Controlling exposure through feature flags in VS Team Services

Buck Hodges

September 30th, 20160 0

One question that I often get from customers is how we manage exposing features in the service. Features may not be complete or need to be revealed at a particular time. We may want to get early feedback. With the team working in master and deploying every three-week sprint, let’s take a look at how we do this for Team Services.

Goals

Our first goal is decoupling deployment and exposure. We want to be able to control when a feature is available to users without having to time when the code is committed. This allows engineering the freedom to implement the feature based on our needs while also allowing control for the business on when a feature is announced. Next we want to be able to change the setting at any scope from globally to particular scale units to accounts to individual users. This granularity gives us a great deal of flexibility. We can deploy a feature and then expose it to select users and accounts. That allows us to get feedback early, which includes not only what users tell us but also how the feature is used based on aggregated telemetry. Additionally, we want to be able to react quickly if a feature causes issues and be able to turn it off quickly.

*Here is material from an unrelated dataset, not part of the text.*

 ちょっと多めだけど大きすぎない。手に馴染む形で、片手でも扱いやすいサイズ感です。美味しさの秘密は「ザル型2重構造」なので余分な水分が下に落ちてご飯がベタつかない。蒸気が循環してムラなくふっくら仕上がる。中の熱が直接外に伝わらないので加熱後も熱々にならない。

To make all of this work well, we need to be able to change a feature flag’s state without re-deploying any of our services. We need each service to react automatically to the change to minimize the propagation delay.

As a result, we have the following goals.

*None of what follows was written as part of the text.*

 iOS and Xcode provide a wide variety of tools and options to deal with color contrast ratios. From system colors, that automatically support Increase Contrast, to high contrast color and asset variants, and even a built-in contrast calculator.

Decouple deployment and exposure
Control down to an individual user
Get feedback early
Turn off quickly
Change without redeployment

Feature flags

Feature flags, sometimes called feature switches, allow us to achieve our goals. At the core, a feature flag is nothing more than an input to an if statement in the code: if the flag is enabled, execute a new code path, and else if not, execute the existing code path.

Let’s look at an actual example. In this case I want to control whether a new feature to revert a pull request is available to the user. I’ve highlighted the Revert button in the screen shot.

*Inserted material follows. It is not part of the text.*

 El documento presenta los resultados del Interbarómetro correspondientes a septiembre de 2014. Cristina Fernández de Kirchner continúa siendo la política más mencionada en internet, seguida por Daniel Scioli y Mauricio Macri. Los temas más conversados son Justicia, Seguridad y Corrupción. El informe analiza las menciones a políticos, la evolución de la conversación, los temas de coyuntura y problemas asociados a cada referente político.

First we need to define the feature flag. We do that by defining it in an XML file. Each service in VSTS has its own set of flags. Here’s part of the actual file that defines the feature flag for this button with the name of the feature flag highlighted.

<?xml version="1.0" encoding="utf-8"?>
<!-- In this group we should register TFS specific features and sets their states. -->
<ServicingStepGroup name="TfsFeatureAvailability" …="" >
  <Steps>
    <!-- Feature Availability -->
    <ServicingStep name="Register features" stepPerformer="FeatureAvailability" …="" >
      <StepData>
        <!--specifying owner to allow implicit removal of features -->
        <Features owner="TFS">
          <!-- Begin TFVC/Git -->
          <Feature name="SourceControl.Revert" description="Source control revert features" />

When we deploy the service that defined this feature flag, the deployment engine will create the feature flag in the database.

Using the feature flag in code is simple. Here’s the Typescript code that is used to create the button. I’ve combined contents from two files. The export is from a file that defines constants. The rest is from the code to create the button on the page. I’ve highlighted the flag and the button creation. In this case, there was no prior code, so if the flag is off, nothing gets added to the page.

export module FeatureAvailabilityFlags {
    export var SourceControlRevert = "SourceControl.Revert";
}

import FeatureAvailability = require("VSS/FeatureAvailability/Services");
private _addRevertButton(): void {
    if(FeatureAvailability.isFeatureEnabled(FeatureAvailabilityFlags.SourceControlRevert)) {
        this._calloutButtons.unshift(
            <button onClick={ () => Dialogs.revertPullRequest(
                this.props.repositoryContext,
                this.props.pullRequest.pullRequestContract(),
                this.props.pullRequest.branchStatusContract().sourceBranchStatus,
                this.props.pullRequest.branchStatusContract().targetBranchStatus) }
                    >{ VCResources.PullRequest_Revert_Button } < /button>
            );
        }
    }

In addition to the web UI, the code for the MVC controller is also protected with a feature flag. I’m omitting the definition of the constant and some of the code for brevity, but as you can see the only mention of the feature flag is in the attribute on the controller, making it really easy to control the feature with a flag.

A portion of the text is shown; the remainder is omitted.